Hancock Timber Resource Group Acquires Approximately 79,000 Acres of Timberlands in Wisconsin | Timberland Investment | Scoop.it
The Hancock Timber Resource Group has completed the acquisition of 78,986 acres of timberlands in northwestern Wisconsin, Hancock Timber Resource Group President Brent Keefer said today.

The 78,986 acres of timberlands, located in Bayfield, Burnett, Douglas and Washburn counties, were acquired from investment funds managed by The Lyme Timber Company, a private timberland investment management organization based in Hanover, New Hampshire.

"These assets are attractively stocked with primarily red pine, jack pine and hardwood forest types. They will supply a diverse customer base who manufacture utility poles, lumber, studs and pulp and paper products. We are very pleased to add these high quality productive timberlands to our clients' portfolios," Mr. Keefer said. "We also look forward to managing these timberlands which have been protected under conservation easements. This type of management is consistent with our long standing stewardship ethic."

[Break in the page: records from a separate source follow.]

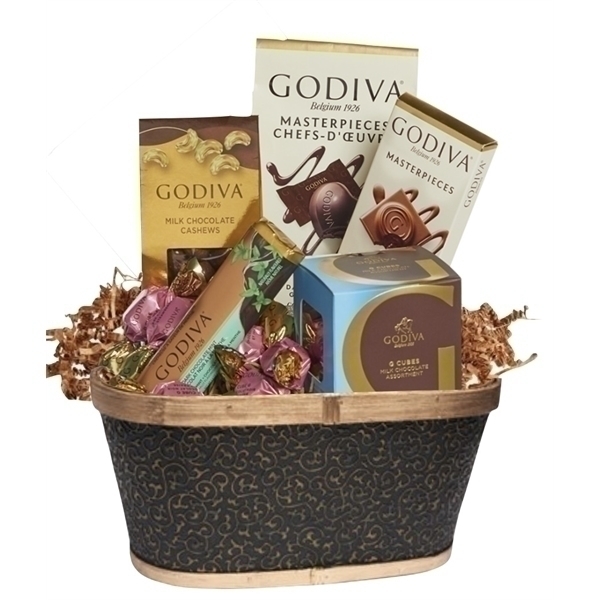 Godiva's best chocolate all in one fabulous gift basket. Includes Godiva chocolate bars, Godiva Truffles, and Godiva chocolate covered cashews. Each basket is wrapped in cello and tied with bow for gift giving presentation. 9 inch basket.
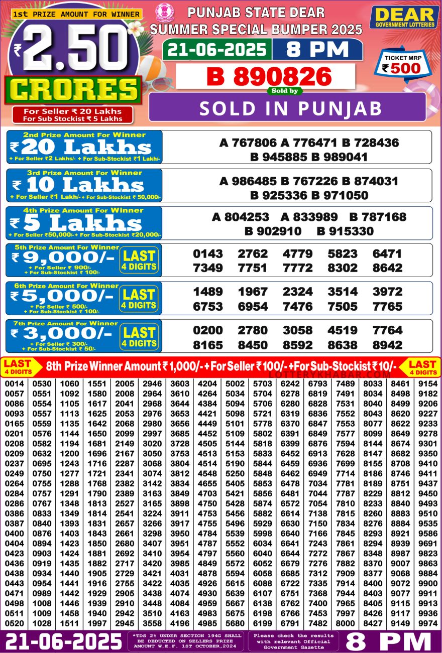 Punjab State Lottery Summer Special Bumper Result 21.6.25
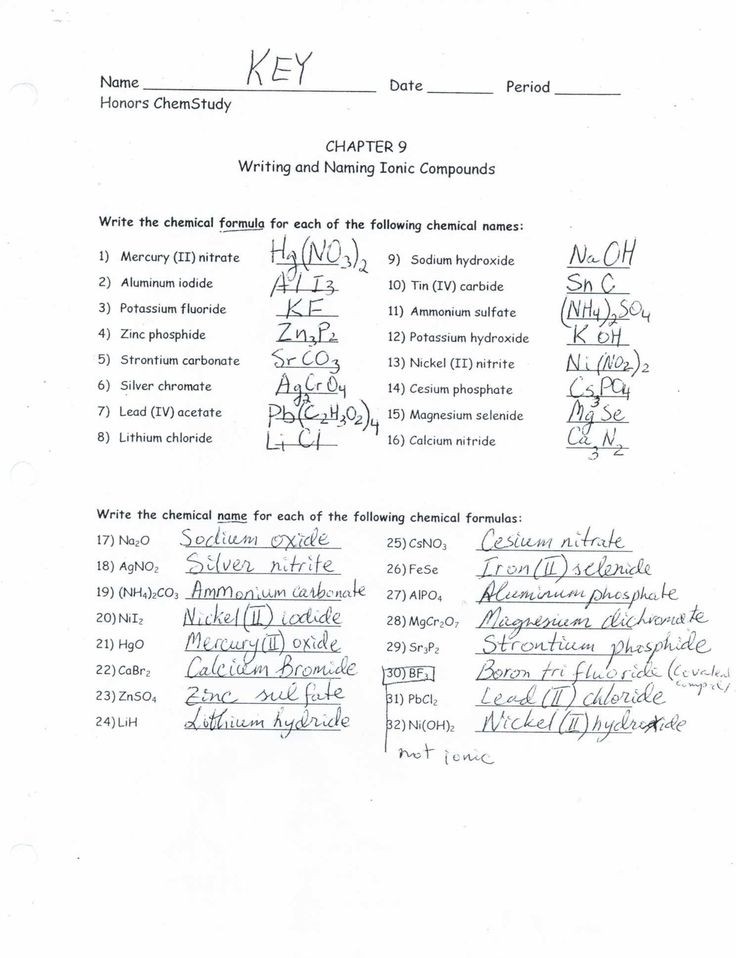 For example, if you have a worksheet that lists the cation “Na+” and the anion “Cl-“, you would write the formula for sodium chloride as NaCl. This is because sodium has a +1 charge and chloride has a -1 charge, so they combine in a 1:1 ratio to create a neutral compound.

More than 90% of the timberlands are managed under working forest conservation easements purchased from Lyme Timber by the Wisconsin Department of Natural Resources. These easements were acquired as part of the Brule-St. Croix Forest Legacy Project that ensured the lands will be available for forest management and timber production to serve the wood products industry, and will remain open to the public for nature-based recreational activities.